Голос у Дарти был тихий и мягкий, и когда он говорил, то речь его, то плавная и неспешная, то живая и выразительная, завораживала.
— Тогда… — Элиса снова обвела взглядом расстилающийся перед ней хорошо знакомый пейзаж. — Тогда… Тогда уедем отсюда! Я хочу начать новую жизнь!
Глава 4
С тех пор, как Элиса поселилась в доме мужа в Кардаполе, миновало много лет. Она больше не бывала в Ортвейле. Она не пыталась возрождать старые воспоминания. Скромный Лийск, где доживали свой век ее мать и дядя, тоже ее не привлекал. Но в Хардоне Элиса гостила часто.
Элиса не забыла, что именно Ровина и ее муж в трудную минуту пришли ей на помощь, что только благодаря ним Элиса может смотреть людям в глаза, может жить свободно, не опасаясь, что постыдная тайна опозорит ее.
Но не только чувство благодарности приводило Элису в Хардон. Она давно уже нуждалась в том тепле и участии, которое она неизменно получала в семье своей кузины, ей нужны были и Ровина с ее внимательностью и лаской, и Хорвин с его суровым сочувствием. С какого-то момента Элисе стала нужна и Юлита.
Юлита была похожа на свою родную мать и, одновременно, не похожа. От Элисы она унаследовала правильные черты лица, черные прямые волосы и темный цвет глаз. Однако все, что у матери выглядело ярким, броским, выставленным на показ, у дочери казалось скромным и едва заметным. Элиса была высокой и статной, Юлита — маленькой и худенькой. Щеки Элисы сверкали румянцем, Юлита была бледной. Руки и плечи Элисы были округлы, юлитины — угловаты. Даже глаза Юлиты такие же большие, миндалевидные, как у матери, выглядели меньше из-за привычки прятать их под длинными ресницами.

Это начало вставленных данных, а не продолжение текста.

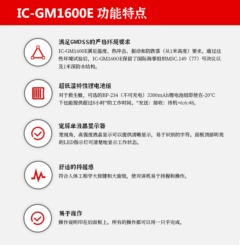 超低溫條件下同樣耐用,在-20℃條件下3300mAh鋰電池(BP-234)工作時間超過8小時 ,可提供中國船籍社(CCS)證書【證書單獨付費,周期不短,購買前請先與客服聯(lián)系確認證書提供周期】,是GMDSS設(shè)備之一。
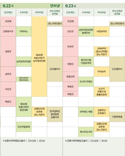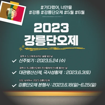 - 강릉단오제 본행사 : 2023.06.18 (일) ~ 06.25 (일)
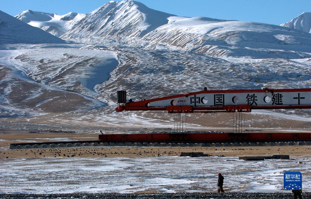 青藏铁路在铺轨建设中(2004年12月5日摄)。新华社记者 觉果 摄 攻坚克难,勇创一流 随着清脆的爆炸声响过,眼前的情景让不少施工人员惊讶:风火山隧道炸出的不是土石,几乎全是冰碴子。 风火山隧道全长1338米,轨面海拔约4900米,全部位于永久性高原冻土层内,这样的地质环境被视为隧道施工的“禁区”。 “高原冻土施工关键在控制温度。温度低了,混凝土无法凝固;温度高了,围岩又会遇热融化,造成洞壁滑塌。”时任风火山隧道掘进队队长任少强说。 在国内外没有成熟经验可直接应用的情况下,广大科技工作者和建设者自力更生、自主创新,创造性地研制了两台大型隧道空调机组,将隧道施工温度精准控制在一定范围内,保证了掘进需要。 浅埋冻土隧道进洞、冰岩光爆、冻土防水隔热……20多项世界性高原冻土施工难题相继被攻克,世界海拔最高的铁路隧道在风火山建成,打破了国外专家“青藏铁路过不了风火山”的预言。 高寒缺氧、多年冻土、生态脆弱,三大世界性工程难题当前,这是一场与恶劣环境的斗争、与技术瓶颈的较量,更是一场精神的淬炼。
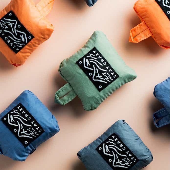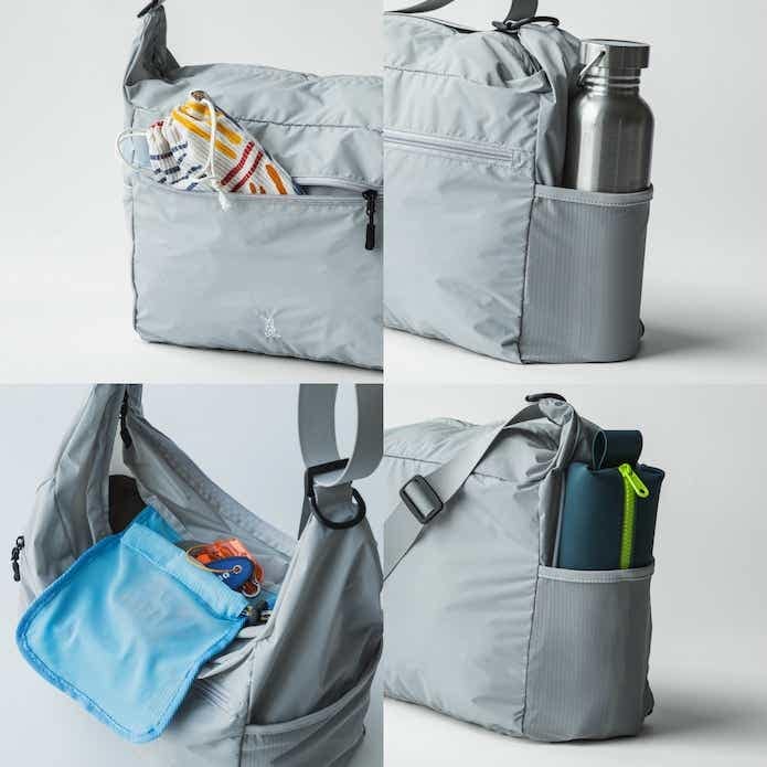 それぞれ、バッグに縫い付けられたポケットに、本体をクシャッと丸めて収納できるポケッタブル仕様です。

Элиса пыталась научить Юлиту тому, что хорошо умела делать сама — всеми возможными способами привлекать к себе мужское внимание. Но присущая девушке болезненная застенчивость делала ее уроки бесполезными.
Однако в последний приезд Элису ожидала хорошая новость — она узнала, что у Юлиты появился поклонник.
…
Айтон Дарагон взял Юлиту на абордаж, не обратив внимания, даже не заметив испытываемых девушкой чувств неловкости и стеснения. Айтон вел себя по принципу: «Вот ты, вот я, я выбрал тебя, ты теперь моя». Юлита покорилась. Обычную скованность вскоре сменило новое для нее ощущение успокоения. Ее выбрал самый энергичный, самый ловкий, самый смелый из всех окружавших ее молодых людей. Она чувствовала себя под его защитой.
— Юлита, скажи мне, как имя того молодого человека, что я несколько раз видел рядом с тобой? — голос отца звучал серьезно, а его темные глаза внимательно смотрели на девушку.
Бледные щеки Юлиты залил румянец. Она еще ниже склонилось над своим шитьем.
— Я жду ответа.
— Его зовут Айтон Дарагон, — ответила Юлита тихо.
— Что тебе известно о нем?
Водившая иглой рука девушки замерла. Она робко посмотрела на нахмуренное лицо отца и снова опустила голову.
— Очень немногое, — проговорила она. — Господин Дарагон только недавно был переведен в наш город.
— Откуда он прибыл?
Юлита молча смотрела на свое шитье. Хорвин повысил голос.
— Юлита, я хочу знать. Откуда он прибыл?
Юлита склонилась еще ниже.
— Я не знаю… — ответила она еле слышно.
— Ах, Хорвин, ну разве можно быть таким несносным? — вмешалась в разговор Элиса. — Ну что ты привязался к девочке? Разве ты не видишь, что ей неприятны твои расспросы?
Досадливо нахмурившись, Хорвин повернулся в ее сторону. Пока Юлита с матерью занимались рукоделием, Элиса, устроившись на софе, перебирала вышивки.
— Хочешь узнать об этом Дарагоне, спроси у меня, — продолжала болтать она, разглядывая затейливый узор из переплетенных лилий и незабудок. — Я уже с ним познакомилась.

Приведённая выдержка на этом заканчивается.